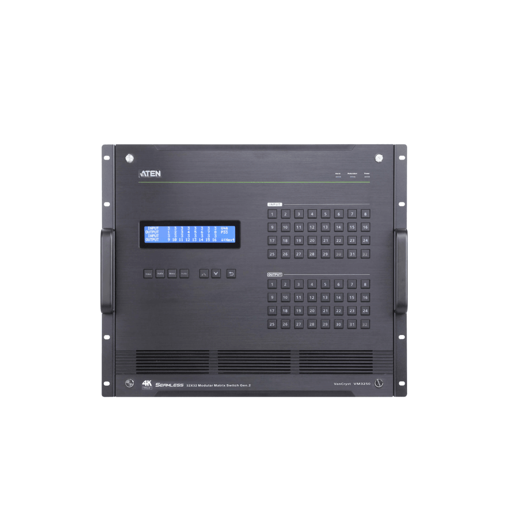 El switch de matriz modular VM3250 de 2.ª generación ofrece acceso avanzado y control en tiempo real de varios dispositivos de entrada de audio/vídeo y pantallas, tanto locales como remotos, desde un mismo chasis. El VM3250 permite a los usuarios conmutar y redirigir de forma independiente contenido de vídeo y/o audio directamente a varios monitores, pantallas, proyectores y/o altavoces con los pulsadores del panel delantero. El escalador integrado codifica el formato de vídeo para ofrecer conmutación fluida en tiempo real. El LCD del panel delantero muestra una vista rápida de las conexiones de puerto activas. El switch también incluye la posibilidad de seleccionar un Modo EDID que ofrece la máxima resolución en varios monitores.
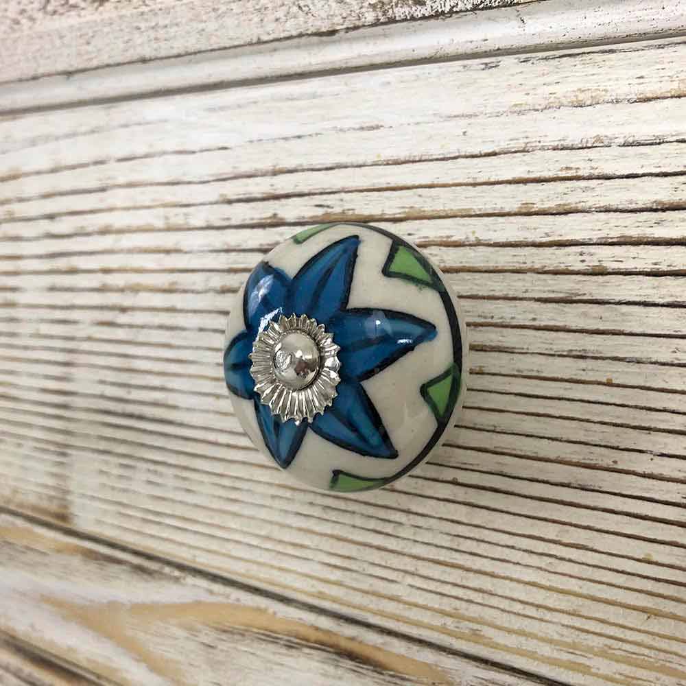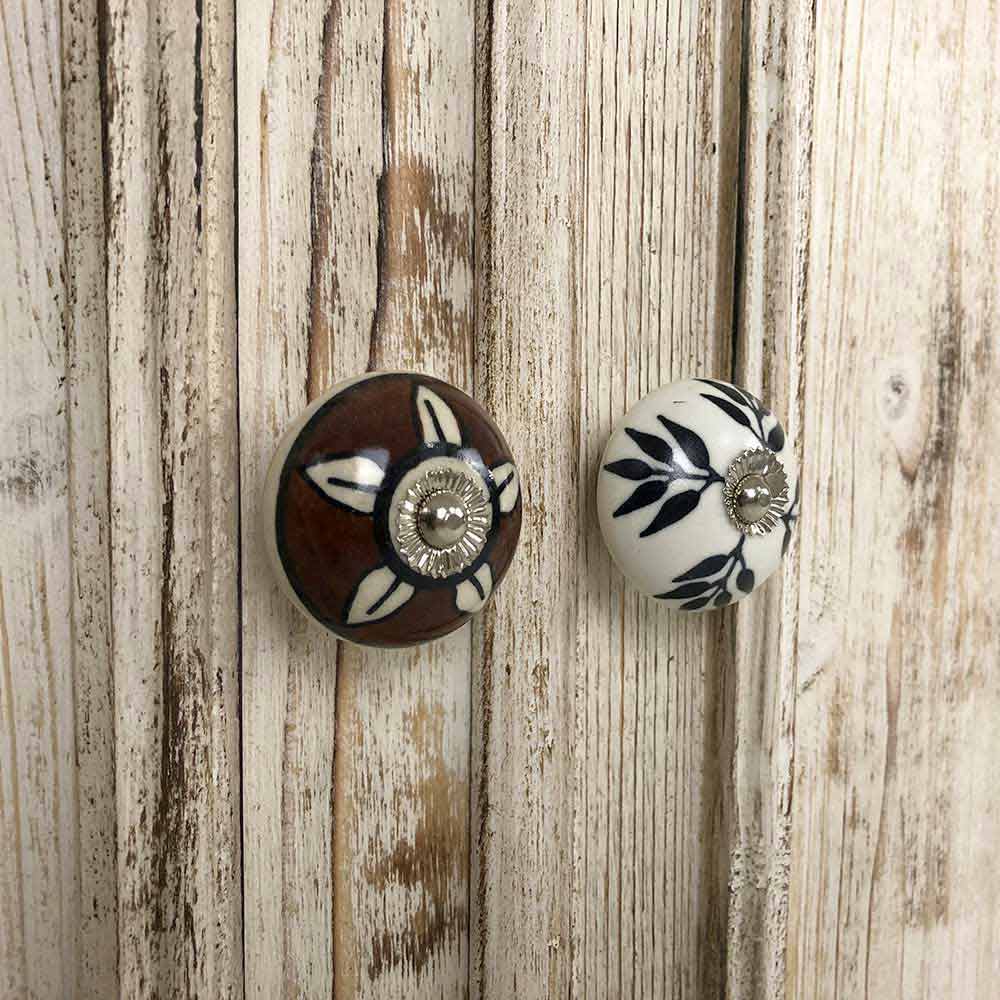 Ręcznie wykonany kredens z litego drewna z ceramicznymi gałkami, wysokiej jakości wyprodukowany we Włoszech.
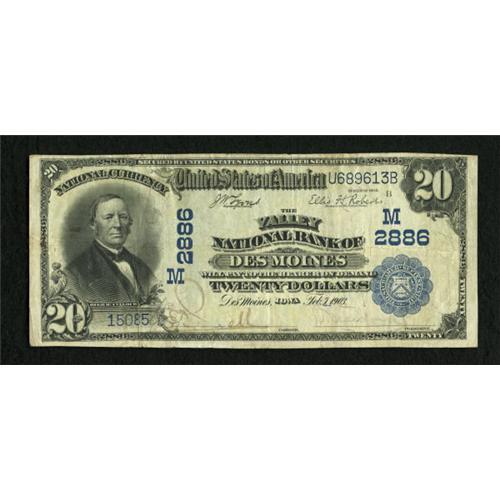 <B>Des Moines, IA</B></I> - $20 1902 Plain Back Fr. 650 <B>The Valley NB</B></I> Ch. # (M)2886<BR> A sound <B>Fine </B></I>with an appealing overall appearance.<BR><I>From The John Ameen Collection</B></I><BR><BR><b>Shipping:</b> Coins & Currency (<a target="_blank" href="http://www.heritageauctions.com/common/shipping.php">view shipping information</a>)

> _HOW TO COMPLETE THIS TASK_
Please retype the whole of the data precisely, omitting pictures.

> _RESULT FOR THIS EXERCISE_
 El switch de matriz modular VM3250 de 2.ª generación ofrece acceso avanzado y control en tiempo real de varios dispositivos de entrada de audio/vídeo y pantallas, tanto locales como remotos, desde un mismo chasis. El VM3250 permite a los usuarios conmutar y redirigir de forma independiente contenido de vídeo y/o audio directamente a varios monitores, pantallas, proyectores y/o altavoces con los pulsadores del panel delantero. El escalador integrado codifica el formato de vídeo para ofrecer conmutación fluida en tiempo real. El LCD del panel delantero muestra una vista rápida de las conexiones de puerto activas. El switch también incluye la posibilidad de seleccionar un Modo EDID que ofrece la máxima resolución en varios monitores.
 Ręcznie wykonany kredens z litego drewna z ceramicznymi gałkami, wysokiej jakości wyprodukowany we Włoszech.
 <B>Des Moines, IA</B></I> - $20 1902 Plain Back Fr. 650 <B>The Valley NB</B></I> Ch. # (M)2886<BR> A sound <B>Fine </B></I>with an appealing overall appearance.<BR><I>From The John Ameen Collection</B></I><BR><BR><b>Shipping:</b> Coins & Currency (<a target="_blank" href="http://www.heritageauctions.com/common/shipping.php">view shipping information</a>)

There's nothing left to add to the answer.